Analog quantum simulation of the Rabi model in the ultra-strong coupling regime.

Nat Commun 2017 10 3;8(1):779. Epub 2017 Oct 3.

Physikalisches Institut, Karlsruhe Institute of Technology, Wolfgang-Gaede-Straße 1, 76131, Karlsruhe, Germany.

The quantum Rabi model describes the fundamental mechanism of light-matter interaction. It consists of a two-level atom or qubit coupled to a quantized harmonic mode via a transversal interaction. In the weak coupling regime, it reduces to the well-known Jaynes-Cummings model by applying a rotating wave approximation.
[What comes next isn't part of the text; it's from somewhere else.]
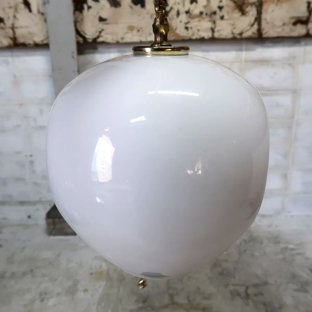 艶のある質感のミルクガラスがとても優しく温かい雰囲気。古き良きOLDアメリカを感じる、希少で拘った両面が凹んだガラスフォルムのデザインが目を引きます。

The rotating wave approximation breaks down in the ultra-strong coupling regime, where the effective coupling strength g is comparable to the energy ω of the bosonic mode, and remarkable features in the system dynamics are revealed. Here we demonstrate an analog quantum simulation of an effective quantum Rabi model in the ultra-strong coupling regime, achieving a relative coupling ratio of g/ω ~ 0.6. The quantum hardware of the simulator is a superconducting circuit embedded in a cQED setup. We observe fast and periodic quantum state collapses and revivals of the initial qubit state, being the most distinct signature of the synthesized model.An analog quantum simulation scheme has been explored with a quantum hardware based on a superconducting circuit. Here the authors investigate the time evolution of the quantum Rabi model at ultra-strong coupling conditions, which is synthesized by slowing down the system dynamics in an effective frame.